-- GIVEN RECORDS follows --

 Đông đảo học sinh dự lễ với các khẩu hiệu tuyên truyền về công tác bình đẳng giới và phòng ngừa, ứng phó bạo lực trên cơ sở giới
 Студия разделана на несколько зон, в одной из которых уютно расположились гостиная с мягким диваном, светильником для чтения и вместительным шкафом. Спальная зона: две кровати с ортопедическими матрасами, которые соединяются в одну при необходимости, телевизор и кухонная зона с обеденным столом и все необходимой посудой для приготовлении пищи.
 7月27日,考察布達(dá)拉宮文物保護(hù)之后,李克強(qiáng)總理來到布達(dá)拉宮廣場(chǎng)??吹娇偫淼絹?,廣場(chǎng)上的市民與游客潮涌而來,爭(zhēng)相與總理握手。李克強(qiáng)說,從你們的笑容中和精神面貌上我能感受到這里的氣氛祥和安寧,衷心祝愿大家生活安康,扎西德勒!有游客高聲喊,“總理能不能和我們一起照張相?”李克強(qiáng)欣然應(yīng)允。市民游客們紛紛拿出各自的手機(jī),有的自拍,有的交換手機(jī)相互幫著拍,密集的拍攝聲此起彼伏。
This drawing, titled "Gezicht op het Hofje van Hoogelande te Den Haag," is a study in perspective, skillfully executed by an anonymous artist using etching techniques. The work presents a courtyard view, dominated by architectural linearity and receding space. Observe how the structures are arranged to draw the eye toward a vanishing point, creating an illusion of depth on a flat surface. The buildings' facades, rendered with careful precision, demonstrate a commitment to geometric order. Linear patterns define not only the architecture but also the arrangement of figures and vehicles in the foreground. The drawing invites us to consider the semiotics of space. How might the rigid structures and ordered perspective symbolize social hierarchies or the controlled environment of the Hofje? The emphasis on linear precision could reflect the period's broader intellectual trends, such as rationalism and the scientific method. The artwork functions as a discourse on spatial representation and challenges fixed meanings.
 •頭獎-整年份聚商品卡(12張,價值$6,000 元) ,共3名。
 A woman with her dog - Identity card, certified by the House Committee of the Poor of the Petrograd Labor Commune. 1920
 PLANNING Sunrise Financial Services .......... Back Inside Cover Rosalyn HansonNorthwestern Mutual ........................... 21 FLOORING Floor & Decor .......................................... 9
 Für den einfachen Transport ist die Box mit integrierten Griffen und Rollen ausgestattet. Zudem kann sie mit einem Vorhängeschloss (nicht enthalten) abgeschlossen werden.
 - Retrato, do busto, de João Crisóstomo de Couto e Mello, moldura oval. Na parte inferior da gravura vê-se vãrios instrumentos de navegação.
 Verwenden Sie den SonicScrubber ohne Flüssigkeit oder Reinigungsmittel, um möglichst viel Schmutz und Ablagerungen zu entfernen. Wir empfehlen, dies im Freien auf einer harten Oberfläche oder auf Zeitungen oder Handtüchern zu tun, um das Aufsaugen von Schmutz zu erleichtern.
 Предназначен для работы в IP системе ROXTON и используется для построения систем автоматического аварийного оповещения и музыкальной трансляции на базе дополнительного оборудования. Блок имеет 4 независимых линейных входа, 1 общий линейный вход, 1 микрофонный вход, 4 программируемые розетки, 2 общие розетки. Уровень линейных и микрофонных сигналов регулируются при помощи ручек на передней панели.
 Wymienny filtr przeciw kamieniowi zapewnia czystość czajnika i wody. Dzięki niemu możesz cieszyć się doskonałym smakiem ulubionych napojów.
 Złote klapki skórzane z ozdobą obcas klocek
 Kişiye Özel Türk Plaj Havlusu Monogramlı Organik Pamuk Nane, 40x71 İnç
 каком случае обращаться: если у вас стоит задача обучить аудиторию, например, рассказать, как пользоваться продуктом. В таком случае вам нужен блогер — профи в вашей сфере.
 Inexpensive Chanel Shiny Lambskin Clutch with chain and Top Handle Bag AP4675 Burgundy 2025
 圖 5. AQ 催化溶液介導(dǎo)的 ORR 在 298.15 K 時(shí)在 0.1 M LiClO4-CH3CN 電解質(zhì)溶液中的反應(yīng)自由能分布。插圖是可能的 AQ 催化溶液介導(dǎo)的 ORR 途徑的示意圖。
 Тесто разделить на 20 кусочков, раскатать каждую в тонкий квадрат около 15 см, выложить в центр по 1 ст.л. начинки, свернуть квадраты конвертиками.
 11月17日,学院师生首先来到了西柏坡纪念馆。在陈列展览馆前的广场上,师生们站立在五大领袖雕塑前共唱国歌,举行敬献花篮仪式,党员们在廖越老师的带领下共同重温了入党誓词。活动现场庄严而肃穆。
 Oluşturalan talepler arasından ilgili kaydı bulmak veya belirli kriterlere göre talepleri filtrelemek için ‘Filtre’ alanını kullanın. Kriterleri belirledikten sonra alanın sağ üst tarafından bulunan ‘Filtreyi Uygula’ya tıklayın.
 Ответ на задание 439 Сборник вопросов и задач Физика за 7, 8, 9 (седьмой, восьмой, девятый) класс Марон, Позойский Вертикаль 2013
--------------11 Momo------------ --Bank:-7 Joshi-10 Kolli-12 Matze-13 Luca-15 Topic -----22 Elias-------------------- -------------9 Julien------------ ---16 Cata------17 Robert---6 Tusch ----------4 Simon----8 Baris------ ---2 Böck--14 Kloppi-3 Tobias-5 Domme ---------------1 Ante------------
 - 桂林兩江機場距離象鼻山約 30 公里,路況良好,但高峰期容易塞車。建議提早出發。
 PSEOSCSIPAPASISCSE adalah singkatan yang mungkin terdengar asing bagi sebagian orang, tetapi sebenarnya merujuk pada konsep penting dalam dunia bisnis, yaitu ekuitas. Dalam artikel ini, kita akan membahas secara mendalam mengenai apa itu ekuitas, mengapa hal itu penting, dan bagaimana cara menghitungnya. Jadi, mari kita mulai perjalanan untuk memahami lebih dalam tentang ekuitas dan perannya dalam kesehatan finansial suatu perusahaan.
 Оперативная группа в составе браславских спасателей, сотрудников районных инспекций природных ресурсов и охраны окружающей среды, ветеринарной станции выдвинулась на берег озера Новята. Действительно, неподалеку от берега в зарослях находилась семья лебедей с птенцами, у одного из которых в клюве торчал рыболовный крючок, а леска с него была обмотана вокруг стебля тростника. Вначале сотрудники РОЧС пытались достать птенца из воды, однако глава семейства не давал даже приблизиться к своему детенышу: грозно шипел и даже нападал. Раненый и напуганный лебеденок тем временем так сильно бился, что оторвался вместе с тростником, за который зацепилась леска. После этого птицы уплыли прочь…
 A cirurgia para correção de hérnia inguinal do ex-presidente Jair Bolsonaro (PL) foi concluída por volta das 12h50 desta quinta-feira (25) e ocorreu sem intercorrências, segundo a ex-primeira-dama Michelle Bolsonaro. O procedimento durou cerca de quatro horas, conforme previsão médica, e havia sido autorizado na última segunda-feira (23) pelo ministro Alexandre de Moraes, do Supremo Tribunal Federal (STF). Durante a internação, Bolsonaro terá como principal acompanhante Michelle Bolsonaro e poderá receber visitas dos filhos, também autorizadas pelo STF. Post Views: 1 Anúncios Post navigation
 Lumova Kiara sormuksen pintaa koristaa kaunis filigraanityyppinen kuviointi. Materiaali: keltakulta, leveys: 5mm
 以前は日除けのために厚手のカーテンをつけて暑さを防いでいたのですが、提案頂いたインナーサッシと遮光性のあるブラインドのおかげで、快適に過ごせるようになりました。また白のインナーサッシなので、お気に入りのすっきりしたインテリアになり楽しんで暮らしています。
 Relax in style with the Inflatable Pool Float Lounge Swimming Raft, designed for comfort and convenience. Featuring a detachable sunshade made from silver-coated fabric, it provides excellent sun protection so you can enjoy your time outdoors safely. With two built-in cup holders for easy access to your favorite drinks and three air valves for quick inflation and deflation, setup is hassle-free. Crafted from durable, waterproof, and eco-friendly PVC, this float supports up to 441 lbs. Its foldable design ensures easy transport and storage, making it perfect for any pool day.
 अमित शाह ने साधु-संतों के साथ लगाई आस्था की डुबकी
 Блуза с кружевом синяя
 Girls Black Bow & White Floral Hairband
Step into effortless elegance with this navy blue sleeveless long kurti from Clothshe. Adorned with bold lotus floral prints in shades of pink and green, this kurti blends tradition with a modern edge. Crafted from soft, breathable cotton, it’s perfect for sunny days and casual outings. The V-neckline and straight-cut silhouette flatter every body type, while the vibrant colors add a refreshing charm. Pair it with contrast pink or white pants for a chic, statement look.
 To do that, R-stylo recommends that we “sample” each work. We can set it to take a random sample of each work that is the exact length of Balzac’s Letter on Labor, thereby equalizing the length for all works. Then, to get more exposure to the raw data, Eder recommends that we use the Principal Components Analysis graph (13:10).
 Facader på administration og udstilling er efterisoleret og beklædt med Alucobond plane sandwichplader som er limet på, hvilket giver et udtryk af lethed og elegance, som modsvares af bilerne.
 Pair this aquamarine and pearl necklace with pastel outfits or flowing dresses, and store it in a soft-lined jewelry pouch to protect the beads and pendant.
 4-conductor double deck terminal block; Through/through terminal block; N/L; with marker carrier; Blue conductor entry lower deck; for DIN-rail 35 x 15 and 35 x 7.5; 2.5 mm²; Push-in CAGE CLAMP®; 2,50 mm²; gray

-- GIVEN RECORDS concluded --

WHAT YOU WILL DO.
Take each line in the listing that has the word "elegance" and copy it.

RESPONSE TO THE TASK.
Step into effortless elegance with this navy blue sleeveless long kurti from Clothshe. Adorned with bold lotus floral prints in shades of pink and green, this kurti blends tradition with a modern edge. Crafted from soft, breathable cotton, it’s perfect for sunny days and casual outings. The V-neckline and straight-cut silhouette flatter every body type, while the vibrant colors add a refreshing charm. Pair it with contrast pink or white pants for a chic, statement look.
 Facader på administration og udstilling er efterisoleret og beklædt med Alucobond plane sandwichplader som er limet på, hvilket giver et udtryk af lethed og elegance, som modsvares af bilerne.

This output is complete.